» Exercise directions: Could the records below be restated word for word, without a single picture?

Items from a data source:
= = = = = = =

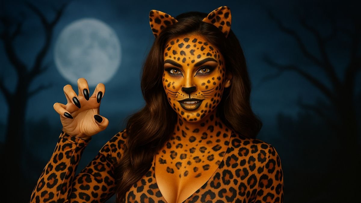 For leopard costumes, bold makeup works best. Use dramatic eyeliner for a cat-eye look, smoky eyeshadow, and a nude or red lipstick. Add spots or whiskers to complete the look.
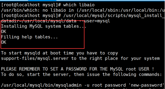 - [root@localhost ~]# /usr/local/mysql/scripts/mysql_install_db --basedir=/usr/local/mysql --datadir=/usr/local/mysql/data --user=mysql
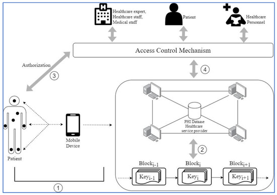 Figure 1 shows the authorization and access control of the proposed medical care information system. Patients’ health data may be held by various medical organizations, such as hospitals and clinics. All users, which may include patients, healthcare experts, healthcare staff, and medical staff, must be able to request patients’ health records within the medical care information system. Patients’ health data are stored in the PHI database of the healthcare service provider, which exploits the non-tampering feature of the blockchain, as follows.
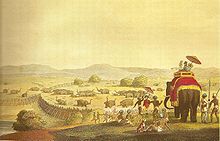 In Mysore, the khedda system was first introduced by G P. Sanderson in 1873–1874 at Kardihalli. The venue of such events was the Kakanakote forest on the banks of the Kabini River. This was organized by the forest department at frequent intervals, usually coinciding with the visit of a dignitary to the state. Tipu Sultan, the ruler of Mysore, had failed to capture elephants.[5] Tipu Sultan and his father Hyder Ali were not successful in trapping wild elephants in spite of using their army. The first attempt to capture the elephants by Colonel Pearson, a British Army Officer, had also failed. However, G.P. Sanderson, who worked for the government of Mysore in the forest department, in his book titled Thirteen Years Among The Wild Beasts of India has noted: "Hyder made a trial, a century before, in the Kakanakote Jungles, but had failed and had recorded his opinion that no one would ever succeed, and his curse upon any one that attempted to do so, on a stone still standing near the scene of his endeavors.” The term “game” is used to denote wildlife hunting as an official royal sport, which was practiced by the erstwhile Maharajas of princely states of India like Mysore in which British officers also took keen interest. Such games were specifically arranged as an entertainment to visiting Dukes and Viceroys.[10] One such khedda operation was arranged by Sanderson by the river-drive method through the Kabini River in honour of the Grand Duke of Russia when he visited Mysore, in 1891.[11]
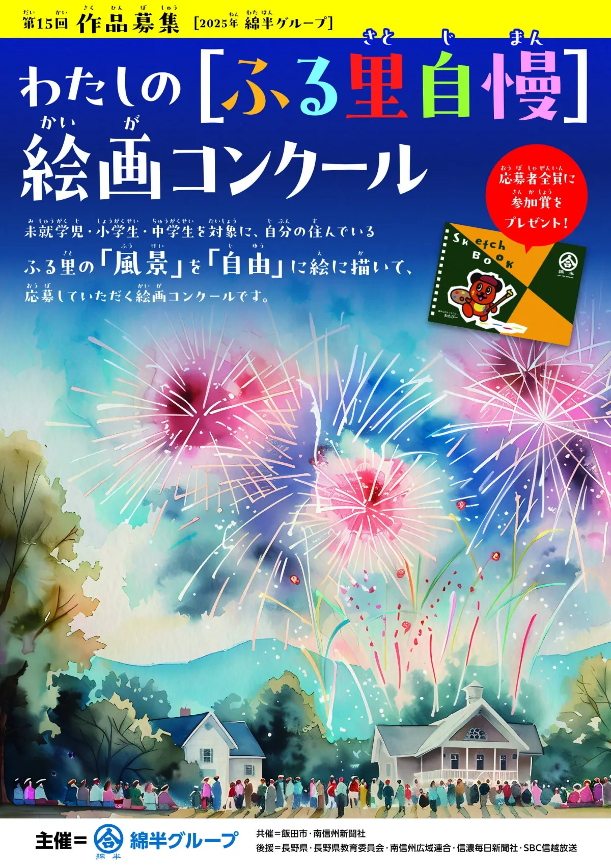 綿半ホールディングス株式会社は、秋が深まる中、飯田市にて「わたしの『ふる里自慢』絵画コンクール」の第15回目を開催します。このコンクールは、未就学児から中学生を対象に、自分たちの住む地域の「お気に入りの風景」を描くことをテーマにしたイベントです。
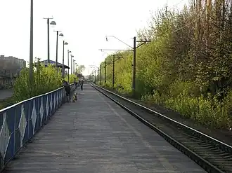 Станция интересна тем, что с 1939 г. по 1965 г. рядом с этой платформой находилась конечная станция детской железной дороги «Счастливая». Другая конечная станция этой дороги, «Родина», находится в парке им. 1 Мая. Таким образом, детская железная дорога имела большую протяжённость и выполняла роль городского транспорта, фактически дублируя перегруженные трамвайные маршруты. В настоящее время в здании этой станции находится Дворец Бракосочетаний[2].
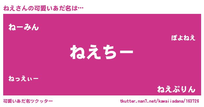 | 女子向けラノベタイトル風あだ名 | 『ねえの雑貨屋さん』『ねえは平凡を望む』 |
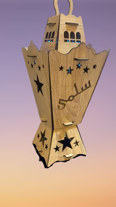 - نوع الإضاءة: - فوانيس رمضان. العلامة التجارية: - جيني المقاس: - 35 سم المادة: - أغنية رمضان من خشب ام دي اف بصوت وضوء
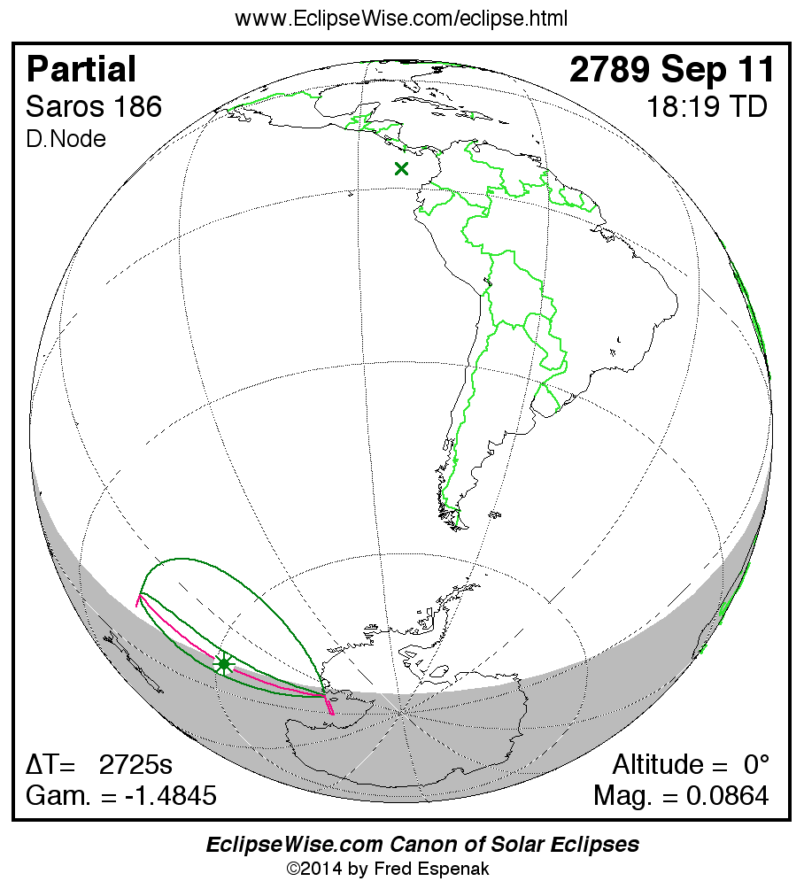 The instant of greatest eclipse takes place on 2789 Sep 11 at 18:18:47 TD (17:33:22 UT1).
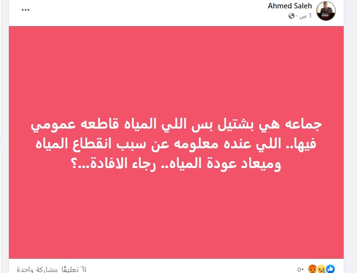 كما اشتكى أيضًا نشطاء مواقع السوشيال ميديا متسائلين عن سبب انقطاع المياه، حيث كتب أحد الحسابات: “جماعه هي بشتيل بس اللي المياه قاطعه عمومي فيها.. اللي عنده معلومة عن سبب انقطاع المياه وميعاد عودة المياه.. رجاء الافادة...؟”، وتفاعل معاه سكان المنطقة بعدم معرفتهم لهذا السبب وان الأمر أثر أزمة يومهم.
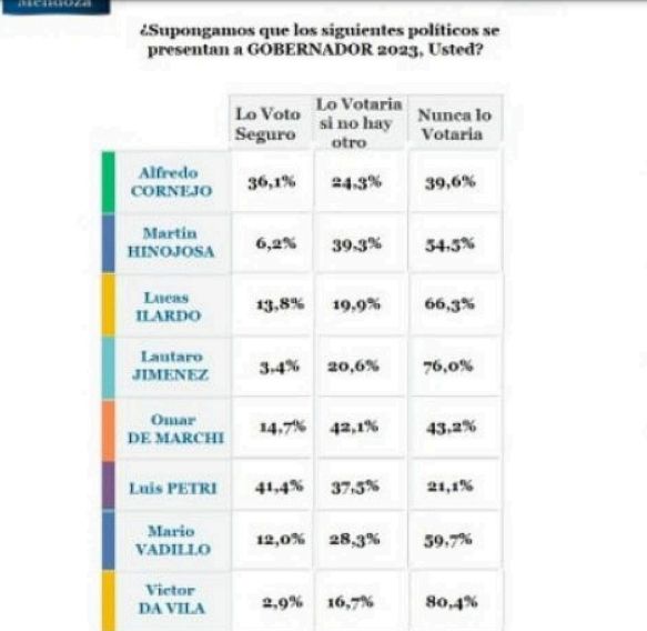 Por último, el peronismo queda muy mal parado ya que el 54,5% de los encuestados dijo que nunca votaría a Martín Hinojosa y el 66,3% nunca votaría por Lucas Ilardo.
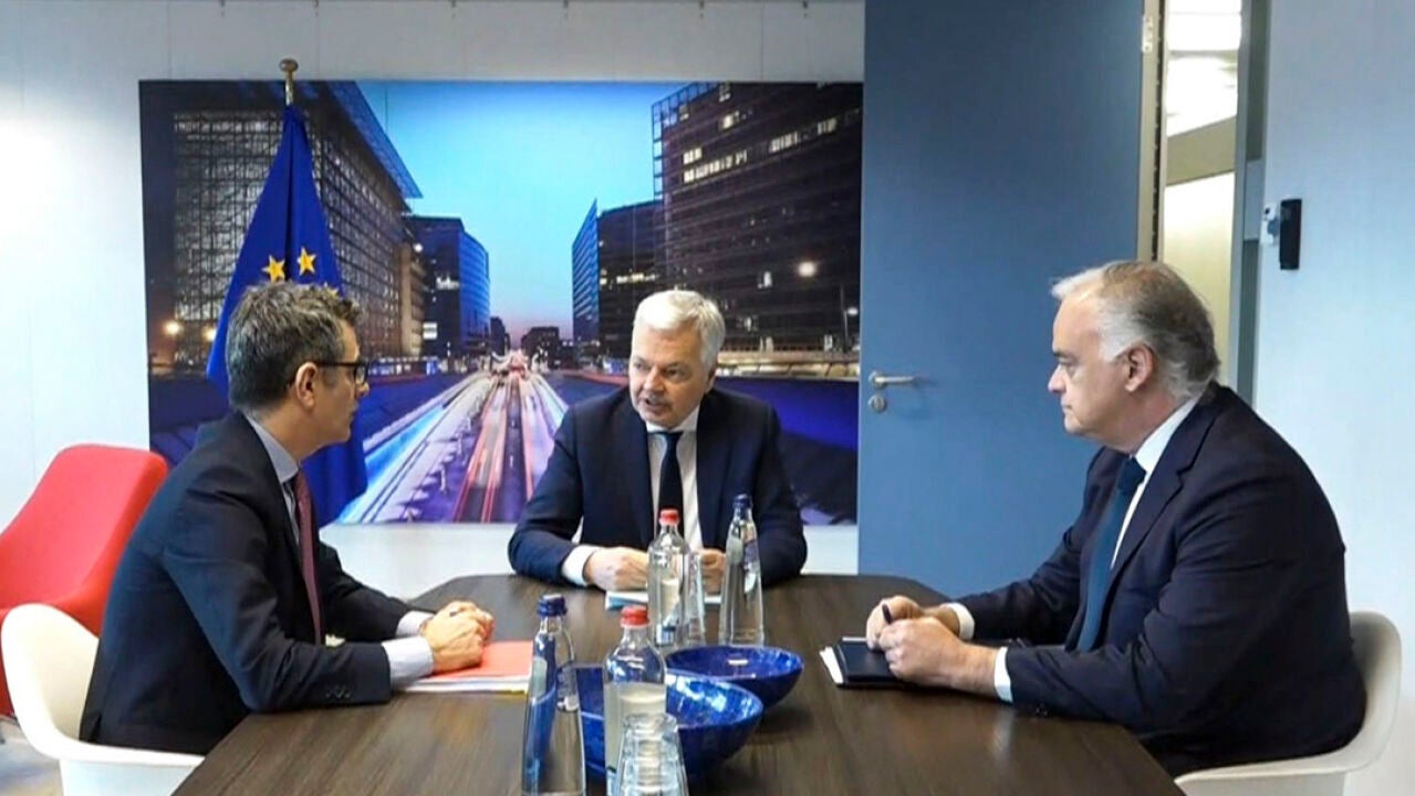 El comisario de Justicia europeo, Didier Reynders, ha reunido este miércoles en Bruselas al ministro de Presidencia y Justicia, Félix Bolaños, y al vicesecretario de Acción Institucional del PP, Esteban González Pons | EFE/Pablo Garrigós

= = = = = = =

» Answer below:
 For leopard costumes, bold makeup works best. Use dramatic eyeliner for a cat-eye look, smoky eyeshadow, and a nude or red lipstick. Add spots or whiskers to complete the look.
 - [root@localhost ~]# /usr/local/mysql/scripts/mysql_install_db --basedir=/usr/local/mysql --datadir=/usr/local/mysql/data --user=mysql
 Figure 1 shows the authorization and access control of the proposed medical care information system. Patients’ health data may be held by various medical organizations, such as hospitals and clinics. All users, which may include patients, healthcare experts, healthcare staff, and medical staff, must be able to request patients’ health records within the medical care information system. Patients’ health data are stored in the PHI database of the healthcare service provider, which exploits the non-tampering feature of the blockchain, as follows.
 In Mysore, the khedda system was first introduced by G P. Sanderson in 1873–1874 at Kardihalli. The venue of such events was the Kakanakote forest on the banks of the Kabini River. This was organized by the forest department at frequent intervals, usually coinciding with the visit of a dignitary to the state. Tipu Sultan, the ruler of Mysore, had failed to capture elephants.[5] Tipu Sultan and his father Hyder Ali were not successful in trapping wild elephants in spite of using their army. The first attempt to capture the elephants by Colonel Pearson, a British Army Officer, had also failed. However, G.P. Sanderson, who worked for the government of Mysore in the forest department, in his book titled Thirteen Years Among The Wild Beasts of India has noted: "Hyder made a trial, a century before, in the Kakanakote Jungles, but had failed and had recorded his opinion that no one would ever succeed, and his curse upon any one that attempted to do so, on a stone still standing near the scene of his endeavors.” The term “game” is used to denote wildlife hunting as an official royal sport, which was practiced by the erstwhile Maharajas of princely states of India like Mysore in which British officers also took keen interest. Such games were specifically arranged as an entertainment to visiting Dukes and Viceroys.[10] One such khedda operation was arranged by Sanderson by the river-drive method through the Kabini River in honour of the Grand Duke of Russia when he visited Mysore, in 1891.[11]
 綿半ホールディングス株式会社は、秋が深まる中、飯田市にて「わたしの『ふる里自慢』絵画コンクール」の第15回目を開催します。このコンクールは、未就学児から中学生を対象に、自分たちの住む地域の「お気に入りの風景」を描くことをテーマにしたイベントです。
 Станция интересна тем, что с 1939 г. по 1965 г. рядом с этой платформой находилась конечная станция детской железной дороги «Счастливая». Другая конечная станция этой дороги, «Родина», находится в парке им. 1 Мая. Таким образом, детская железная дорога имела большую протяжённость и выполняла роль городского транспорта, фактически дублируя перегруженные трамвайные маршруты. В настоящее время в здании этой станции находится Дворец Бракосочетаний[2].
 | 女子向けラノベタイトル風あだ名 | 『ねえの雑貨屋さん』『ねえは平凡を望む』 |
 - نوع الإضاءة: - فوانيس رمضان. العلامة التجارية: - جيني المقاس: - 35 سم المادة: - أغنية رمضان من خشب ام دي اف بصوت وضوء
 The instant of greatest eclipse takes place on 2789 Sep 11 at 18:18:47 TD (17:33:22 UT1).
 كما اشتكى أيضًا نشطاء مواقع السوشيال ميديا متسائلين عن سبب انقطاع المياه، حيث كتب أحد الحسابات: “جماعه هي بشتيل بس اللي المياه قاطعه عمومي فيها.. اللي عنده معلومة عن سبب انقطاع المياه وميعاد عودة المياه.. رجاء الافادة...؟”، وتفاعل معاه سكان المنطقة بعدم معرفتهم لهذا السبب وان الأمر أثر أزمة يومهم.
 Por último, el peronismo queda muy mal parado ya que el 54,5% de los encuestados dijo que nunca votaría a Martín Hinojosa y el 66,3% nunca votaría por Lucas Ilardo.
 El comisario de Justicia europeo, Didier Reynders, ha reunido este miércoles en Bruselas al ministro de Presidencia y Justicia, Félix Bolaños, y al vicesecretario de Acción Institucional del PP, Esteban González Pons | EFE/Pablo Garrigós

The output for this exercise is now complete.